Pricing Term Sheet dated April 29, 2021

Dana Incorporated

$400,000,000 aggregate principal amount of 4.250% Senior Notes due 2030 (Green Bonds)

This free writing prospectus relates to the offering by Dana Incorporated of $400,000,000 aggregate principal amount of 4.250% Senior Notes due 2030 and should be read together with the preliminary prospectus supplement, dated April 29, 2021 (the “Preliminary Prospectus Supplement”), filed pursuant to Rule 424(b)(5) under the Securities Act of 1933, as amended, including the documents incorporated therein by reference, and the related base prospectus, dated November 5, 2019, forming a part of Registration Statement No. 333-234507.

 

Issuer:

  

Dana Incorporated (the “Issuer”)

Security:

  

4.250% Senior Notes due 2030 (the “Notes”)

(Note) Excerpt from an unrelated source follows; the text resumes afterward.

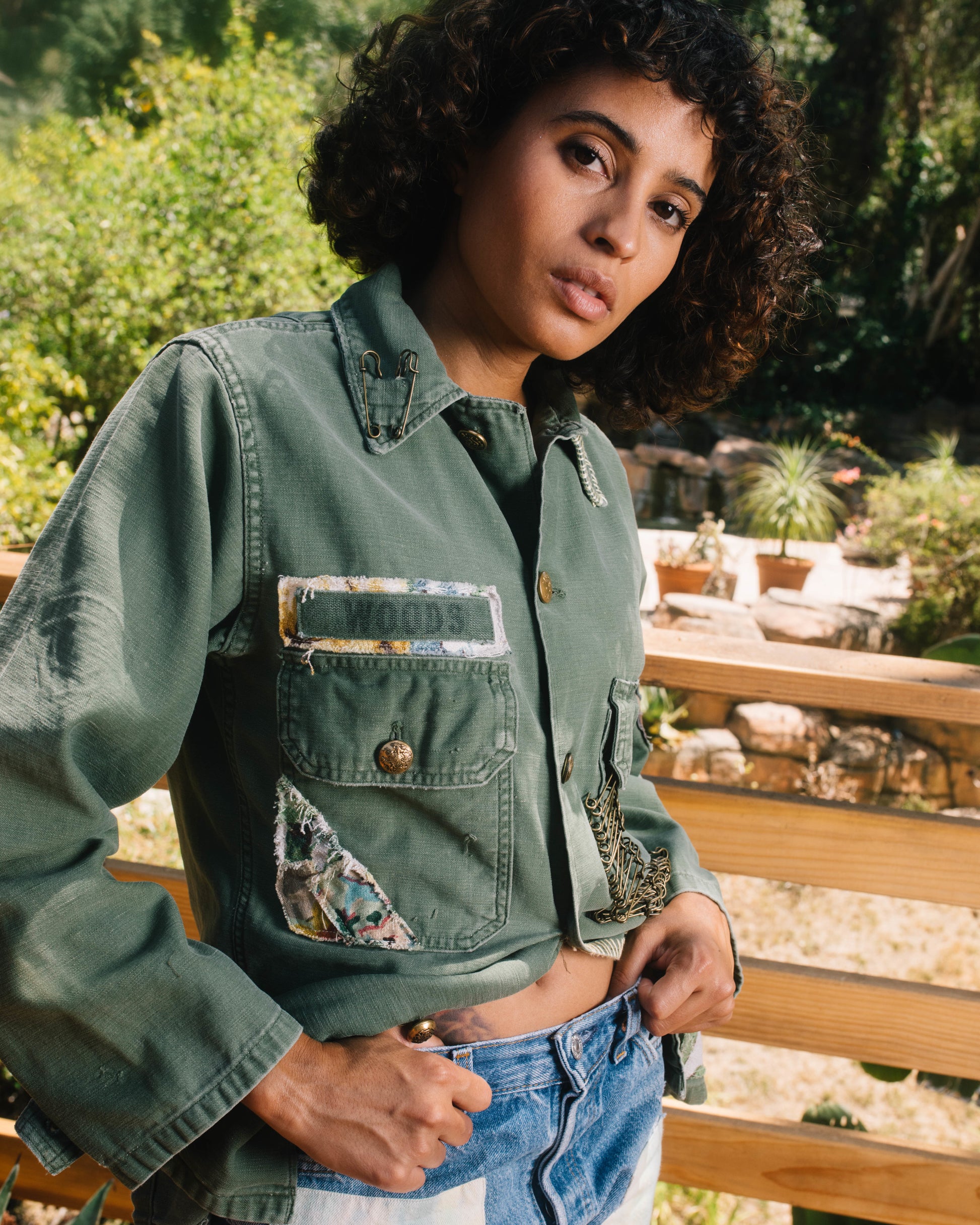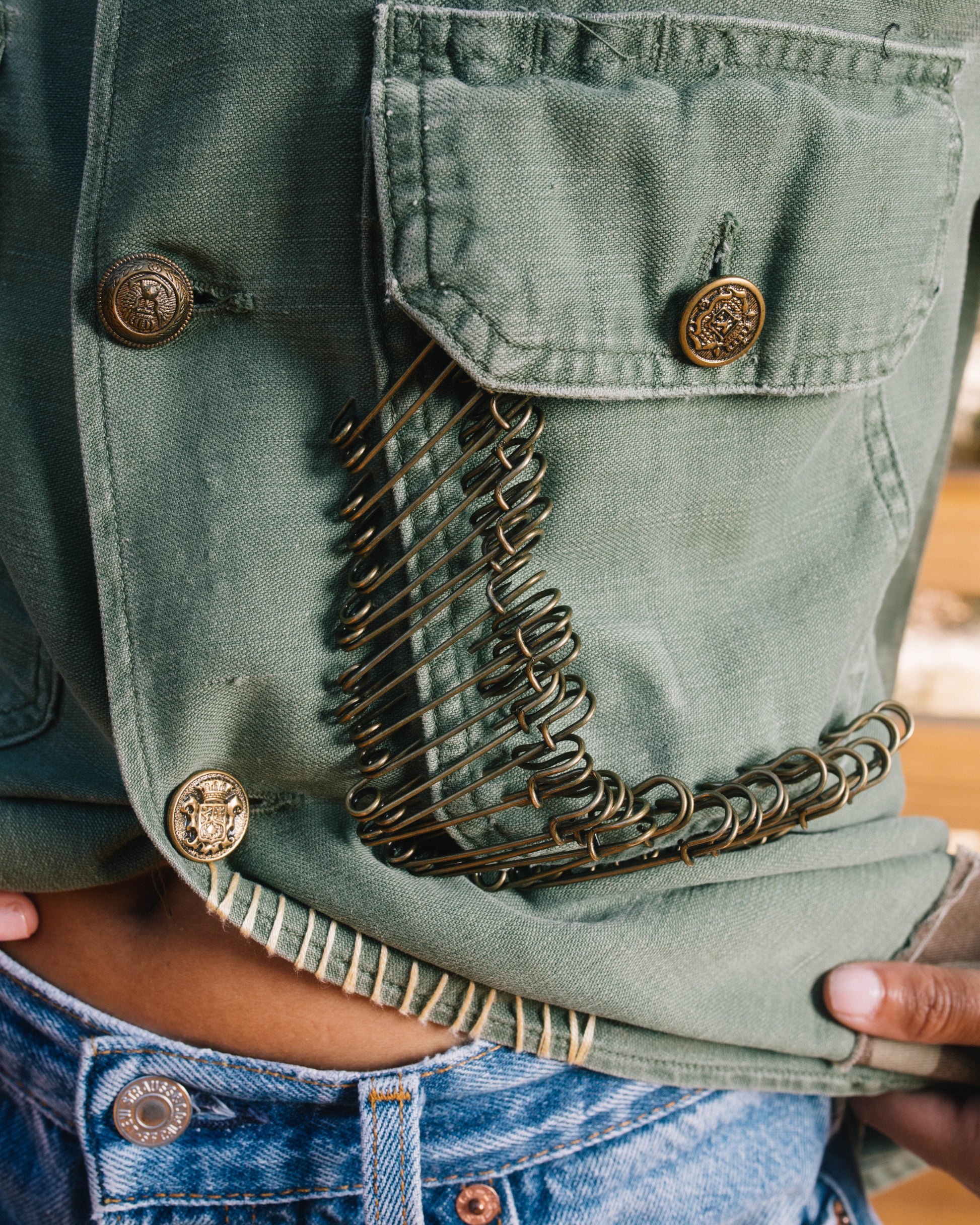 Adorned with an assortment of vintage military pins and buttons. Finished off with vintage fabrics from our archives and hand-stitching.

Aggregate Principal Amount:

   $400,000,000

Maturity:

  

September 1, 2030

Coupon:

   4.250%

Price:

  

100.000% plus accrued interest, if any, from May 13, 2021

Yield to Maturity:

   4.250%

Benchmark Treasury:

  

UST 1.125% due February 15, 2031

Spread to Benchmark Treasury:

  

+260 basis points

Interest Payment Dates:

  

March 1 and September 1, commencing September 1, 2021 (short first coupon)

Record Dates:

  

February 15 and August 15

Optional Redemption:   

At any time on or after May 1, 2026, we may redeem some or all of the Notes at the following redemption prices (expressed as percentages of principal amount), plus accrued and unpaid interest to, but excluding, the redemption date (subject to the right of holders of record on the relevant record date to receive interest due on the relevant interest payment date) if redeemed during the 12-month period commencing on May 1 of the years set forth below:

 

                    Year                     Redemption Price

 

                    2026                                       102.125%

                    2027                                       101.417%

                    2028                                       100.708%

                    2029 and thereafter                100.000%

 

Prior to May 1, 2026, we may also redeem some or all of the Notes at a redemption price equal to 100% of the aggregate principal amount thereof, plus accrued and unpaid interest, if any, to the redemption date plus a “make-whole” premium.

 

1


   At any time prior to May 1, 2024, we may redeem up to 40% of the original aggregate principal amount of the Notes (calculated after giving effect to any issuance of additional Notes) in an amount not to exceed the amount of proceeds of one or more equity offerings, at a price equal to 104.250% of the principal amount thereof, plus accrued and unpaid interest, if any, to, but excluding, the redemption date, provided that at least 50% of the original aggregate principal amount of the Notes (calculated after giving effect to any issuance of additional Notes) issued remains outstanding after the redemption.
Settlement Date:    May 13, 2021 (T+10)
CUSIP/ISIN:    235825AH9 / US235825AH97
Underwriting Discount:    1.000%
Proceeds to Company (before expenses):    $396,000,000
Use of Proceeds:    The Issuer intends to allocate an amount at least equal to the net proceeds from this offering to finance or refinance, in whole or in part, recently completed or future Eligible Green Projects.
Green Structuring Advisor and Joint Book Running Manager:   
Citigroup Global Markets Inc.
Joint Book Running Managers:    Barclays Capital Inc.
BMO Capital Markets Corp.
BofA Securities, Inc.
Credit Suisse Securities (USA) LLC
Goldman Sachs & Co. LLC
J.P. Morgan Securities LLC
Mizuho Securities USA LLC
RBC Capital Markets, LLC
Co-Managers:    Citizens Capital Markets, Inc.
Fifth Third Securities, Inc.
KeyBanc Capital Markets Inc.

If any information contained in this Pricing Term Sheet is inconsistent with information contained in the Preliminary Prospectus Supplement and the accompanying base prospectus, the terms of this Pricing Term Sheet shall govern. Capitalized terms used but not otherwise defined in this Pricing Term Sheet shall have the meanings assigned to them in the Preliminary Prospectus Supplement.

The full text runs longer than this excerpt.